> [Stored items]:

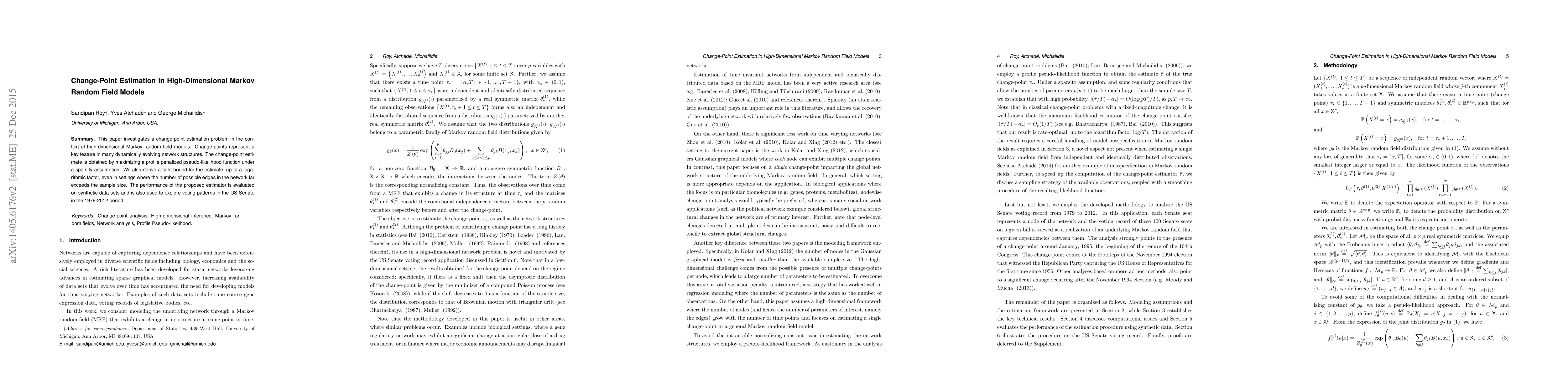 This paper proposes a method for estimating change-points in high-dimensional Markov Random Field models by maximizing a penalized pseudo-likelihood function under sparsity, and derives a tight bound for the estimate. The method is evaluated on synthetic data and applied to analyze voting patterns in the US Senate from 1979 to 2012.
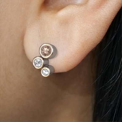 The Marlys stud earrings are set with stunning round brown diamond. We prefer them set with diamonds. But the best part, is that you get to choose. The Marlys, as shown here, are made of white gold. You are free to choose your gemstones and to customize the stud earrings to your liking. We carefully select each gemstone. We create your stud earrings by hand in our own artisan studio and make use of the latest techniques, combined with ancient craftsmanship. Easily customized to your liking with our online tool. Take these stud earrings set with 0.06 crt brown diamond, for example. The Marlys earrings are made to embellish your ears. Each jewel is lovingly made by hand by our goldsmiths.After receiving your order, our goldsmiths will start the creative process of making your Marlys stud earrings. We don't keep stock. This is advantageous because these costs will not be passed on to you. Therefore, we can offer jewellery at exceptionally low prices.To make it easier for you, we offer a 30 day return policy. Check our terms and conditions.
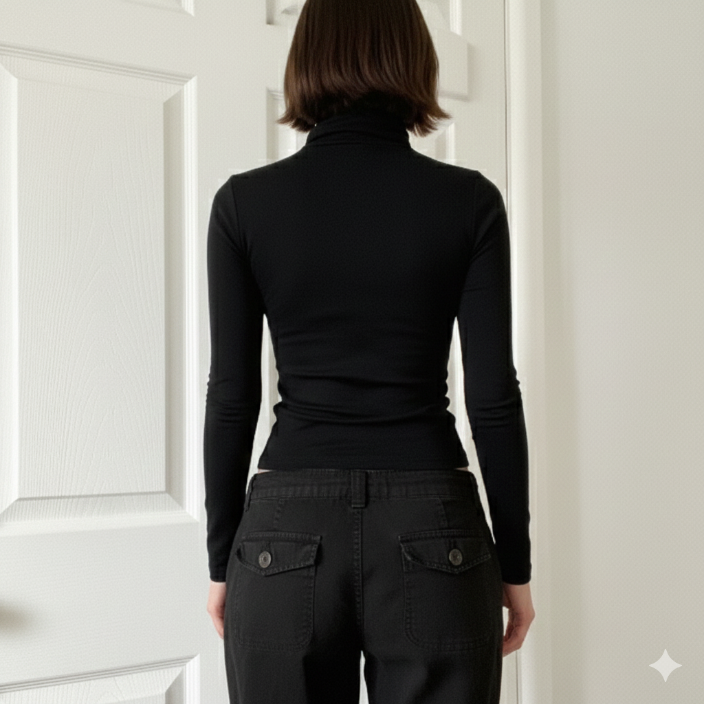 Crafted from a substantial 260-gram Spandex / Polyester Knitted fabric with a great Stretch Knit quality, it offers a comfortable Slim Fit silhouette and a Full Sleeve length. The classic Turtleneck collar and Solid color pattern (achieved via Plain Dyed technique) make it a versatile Basic for layering under sweaters or jackets.
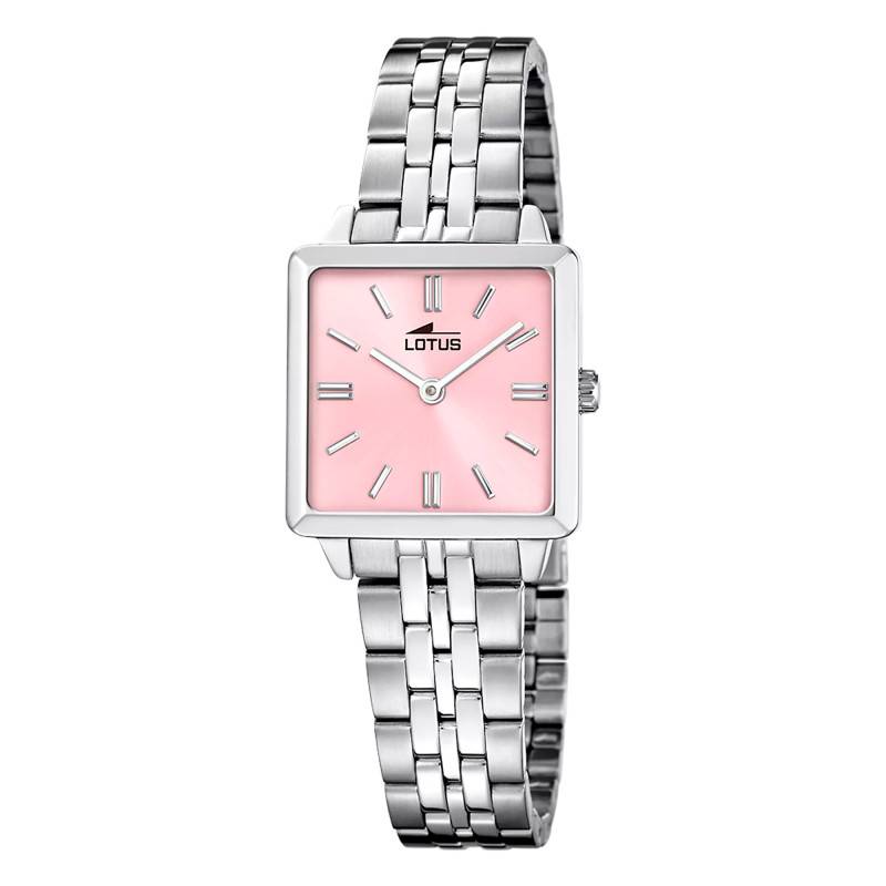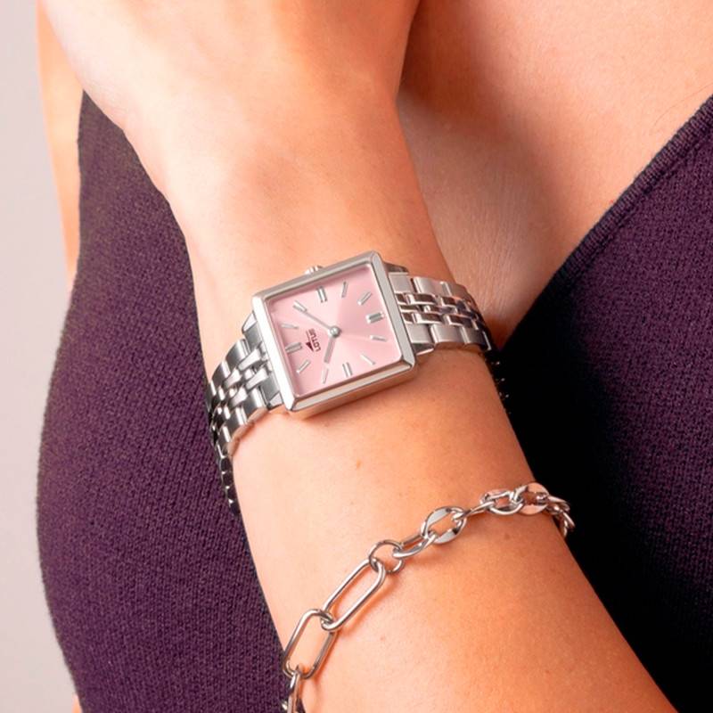 La montre Lotus 2Gether 19010/2 se distingue par son style éminemment féminin et sa robustesse grâce à son boîtier carré en acier inoxydable. Ce boîtier de 26 mm de diamètre et pesant 62 grammes offre une sensation de solidité tout en garantissant une esthétique élégante. Sa finition polie sublime l'ensemble, rendant la montre idéale pour des occasions spéciales comme un usage quotidien. La montre est livrée dans un coffret cadeau avec un bracelet assorti, renforçant son attrait comme idée de cadeau prestigieux et attentionné.
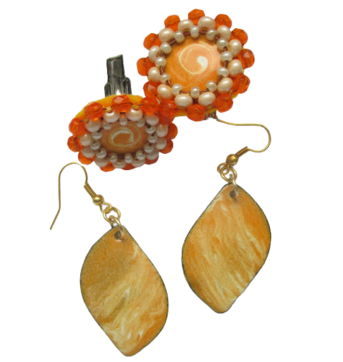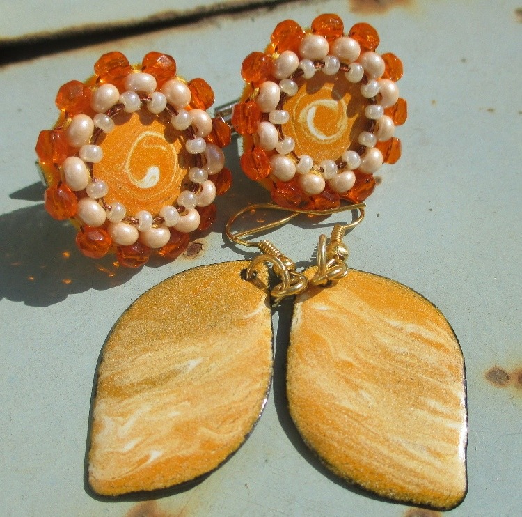 Smaltovaná kočičí souprava. Souprava visacích náušnic a manžetových knoflíčků v krémově zrzavé barvě na ručně opracovaných nerezových plíšcích. Manžetové knoflíky jsou doplněny korálky, komponenty jsou ve zlaté a platinové barvě.
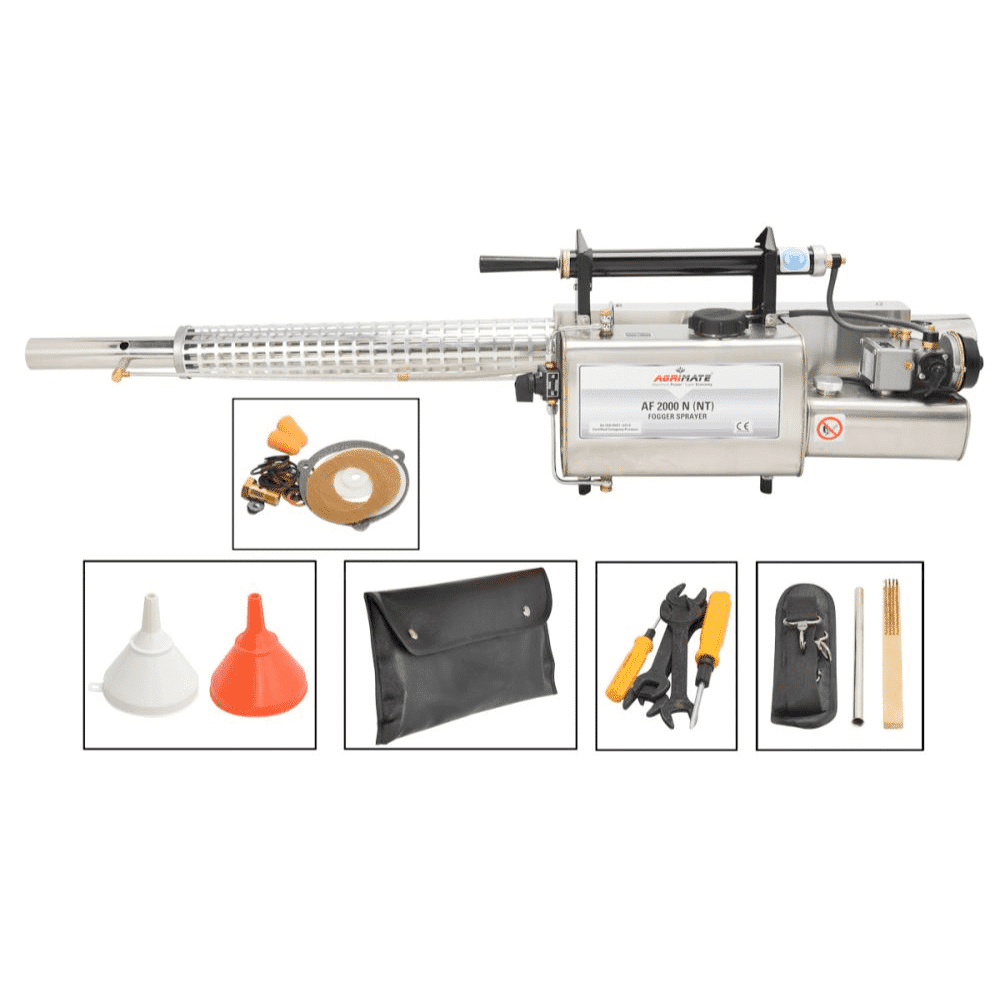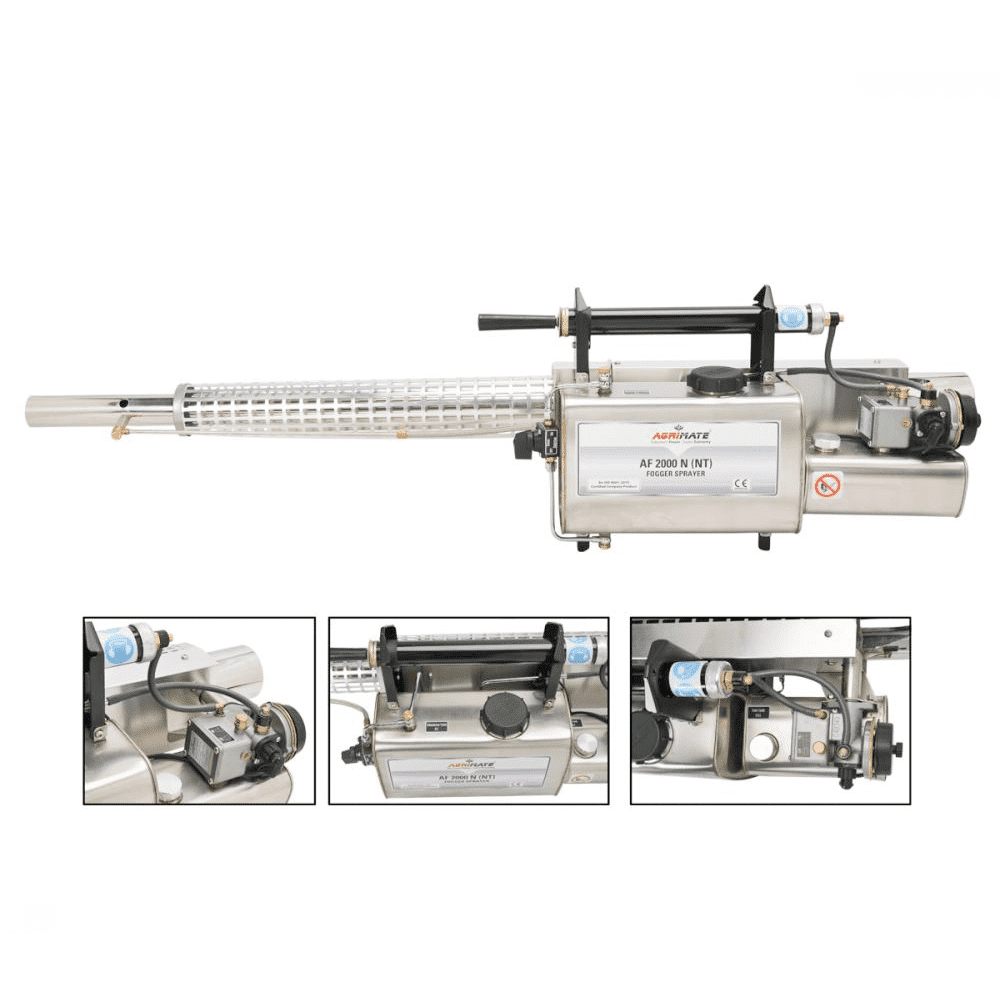 This AGRIMATE Heavy Duty Thermal Fogging Machine AF2000N-NT is specially designed for use in the urban environment. It dispenses oil based or water based insecticides, fungicides, germicides, disinfectants, odor control and other chemical products, effectively and economically.

> [YOUR INSTRUCTIONS]: Output exactly the lines from the one that has "Crafted from a" through the end of the data. Do not include pictures.

> [RESPONSE BELOW]:
 Crafted from a substantial 260-gram Spandex / Polyester Knitted fabric with a great Stretch Knit quality, it offers a comfortable Slim Fit silhouette and a Full Sleeve length. The classic Turtleneck collar and Solid color pattern (achieved via Plain Dyed technique) make it a versatile Basic for layering under sweaters or jackets.
 La montre Lotus 2Gether 19010/2 se distingue par son style éminemment féminin et sa robustesse grâce à son boîtier carré en acier inoxydable. Ce boîtier de 26 mm de diamètre et pesant 62 grammes offre une sensation de solidité tout en garantissant une esthétique élégante. Sa finition polie sublime l'ensemble, rendant la montre idéale pour des occasions spéciales comme un usage quotidien. La montre est livrée dans un coffret cadeau avec un bracelet assorti, renforçant son attrait comme idée de cadeau prestigieux et attentionné.
 Smaltovaná kočičí souprava. Souprava visacích náušnic a manžetových knoflíčků v krémově zrzavé barvě na ručně opracovaných nerezových plíšcích. Manžetové knoflíky jsou doplněny korálky, komponenty jsou ve zlaté a platinové barvě.
 This AGRIMATE Heavy Duty Thermal Fogging Machine AF2000N-NT is specially designed for use in the urban environment. It dispenses oil based or water based insecticides, fungicides, germicides, disinfectants, odor control and other chemical products, effectively and economically.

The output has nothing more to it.